Un rassemblement est appelé le 18 mars à 18h30 au métro Jeanne-d’Arc à Toulouse à l’initiative de 25 organisations, syndicats et collectifs locaux, à l’occasion de la Journée internationale de solidarité avec les prisonniers politiques. Les organisateurs dénoncent l’emprisonnement de militants à travers le monde (notamment en Palestine, en Turquie, au Maroc, en Europe ou aux États-Unis) en raison de leur engagement politique dans des luttes sociales, anticoloniales, antifascistes, écologistes, féministes, anarchistes ou encore communistes. Ces détentions s’inscrivent dans une tendance à la criminalisation des mouvements contestataires et à une radicalisation autoritaire des États, visant à intimider et isoler les militants.
En Suisse, le Conseil des États a approuvé plusieurs motions visant à renforcer les capacités de surveillance, notamment par l’extension des écoutes téléphoniques ciblées. Jusqu’à présent, ces interceptions ne sont autorisées que dans des affaires liées au terrorisme, à la prolifération nucléaire ou aux attaques contre des infrastructures critiques. Les nouveaux textes proposent d’inclure également l’« extrémisme violent » parmi les motifs permettant de recourir à ces mesures. Les propositions ont été justifiées par certains élus après des affrontements lors d’une manifestation à Berne en octobre 2025, impliquant notamment des manifestants pro-palestiniens et la police. Le projet doit désormais être examiné par le Conseil national.
Un rassemblement de soutien est organisé le mercredi 18 mars à midi place Louis-Lépine, devant le Palais de justice de Paris, à l’occasion des audiences en appel de deux militants antifascistes, Zaid et Gino. La justice française doit examiner la demande d’extradition de Zaid vers la Hongrie, tandis que le cas de Gino concerne un mandat d’arrêt européen émis par l’Allemagne, après que la France a refusé d’appliquer une première demande de la Hongrie. La cour doit notamment déterminer si l’enquête allemande est indépendante ou liée à celle menée par les autorités hongroises. Les soutiens des deux hommes appellent à se mobiliser pour cette audience, qui pourrait être la dernière dans la procédure française concernant Zaid.
Selon des organisations de défense des prisonniers palestiniens, plus de 9 500 Palestiniens sont détenus dans les prisons israéliennes au début du mois de mars 2026, soit une hausse d’environ 2,15 % depuis le mois dernier. Parmi eux figurent 73 femmes, principalement incarcérées dans la prison de Damon, et environ 350 mineurs, principalement incarcérés dans les prisons de Megiddo et Ofer. Les données indiquent également la présence de 3 442 détenus administratifs (emprisonnés sans jugement) soit environ 36 % des prisonniers, ainsi que 1 249 personnes classées par Israël comme « combattants illégaux », une catégorie qui inclut aussi certains détenus originaires du Liban et de Syrie et dont le total ne comprend pas tous les Palestiniens de Gaza détenus dans des camps militaires.

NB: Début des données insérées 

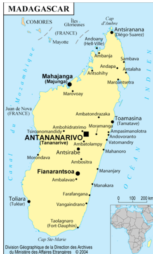
Figure 2. Map of cities of Madagascar: Morondava, Antananarivo, Moramanga. Andasibe is not shown here, but is just to the east of Moramanga.

adorned with zebu skulls. Within these tombs lie prominent or cherished ancestors from the village who provided valuable services to the community; for example, one tomb contained the body of a dentist from the
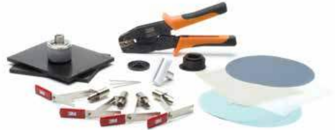
3M™ Hot Melt LC Expansion Kit 6650-LC
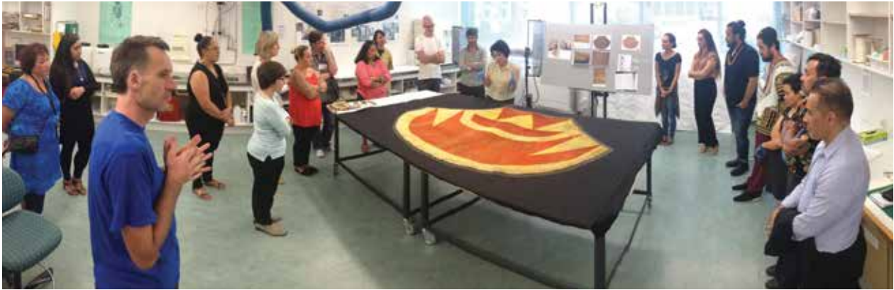
Fig. 5 'The 'ahu 'ula of Kalani'ōpu'u: stories of a sacred cloak' seminar series at Te Papa in association with the Hawai'i Cultural Centre, Wellington (24 February to 2 March 2016).

As a curator of Pacific cultures, the most significant shift I have witnessed since I joined Te Papa in 1992 has been in how we talk about the 'ahu 'ula – from its value as an ethnological specimen collected on voyages of European exploration, to an artefact with the potential to strengthen the connections of contemporary Hawaiian people to their history and cultural identities; from Cook's cloak to Kalani'ōpu'u's cloak, and from feather cloak to 'ahu 'ula. The catalogue of photographs of the 'ahu 'ula highlight changes in interpretation over time: photographs taken in 1959 are catalogued as 'Hawaiian Feather Cloak – Captain Cook relic'; in 1977 as 'Captain Cook's Hawaiian feather cloak'; in 1984 as 'Captain Cook's Hawaiian cloak'; and in 2015 as "'ahu 'ula (feathered cloak); 1700s; Hawaiian'. 9
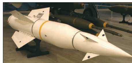
The Maxson AGM-12C Bullpup command link guided missile was used with limited success during Rolling Thunder.

While SAMs and radar directed large caliber AAA could be impaired by radio frequency jamming, visually aimed guns at low altitudes were a

En Turquie, plusieurs prisonniers politiques de la prison de type L n°6 de Marmara ont été placés à l’isolement après avoir protesté contre l’installation de caméras permettant une surveillance permanente dans leurs cellules. Selon des informations relayées par leurs soutiens, Oktay Kelebek, Yüksel Doğan, Yılmaz Viraner et Hasan Karapınar auraient été violemment transférés vers des cellules d’isolement, Doğan ayant été traîné sur plusieurs centaines de mètres et Kelebek ayant subi une fracture du bras. À la suite de ces événements, Yılmaz Viraner a entamé une grève de la faim illimitée pour dénoncer les mauvais traitements et exiger son retour en cellule, tandis que Doğukan Mağol aurait également lancé une grève de la faim pour protester contre la répression.
En Allemagne, la police a mené le 11 mars des perquisitions dans 22 domiciles d’antifascistes, principalement en Bavière autour de Nuremberg, mais aussi à Leipzig et en Hesse. L’enquête concerne une contre-manifestation organisée en avril 2025 face à une mobilisation du collectif de droite « Gemeinsam für Deutschland », qui avait rassemblé environ 400 militants d’extrême droite, dont des sympathisants de l’AfD, tandis qu’environ 1 000 antifascistes manifestaient en opposition. Les personnes visées sont soupçonnées de « trouble à l’ordre public » et la police recherchait notamment des vêtements et supports numériques pouvant servir de preuves. Le même jour, environ 150 personnes se sont rassemblées à Nuremberg pour dénoncer ces opérations policières.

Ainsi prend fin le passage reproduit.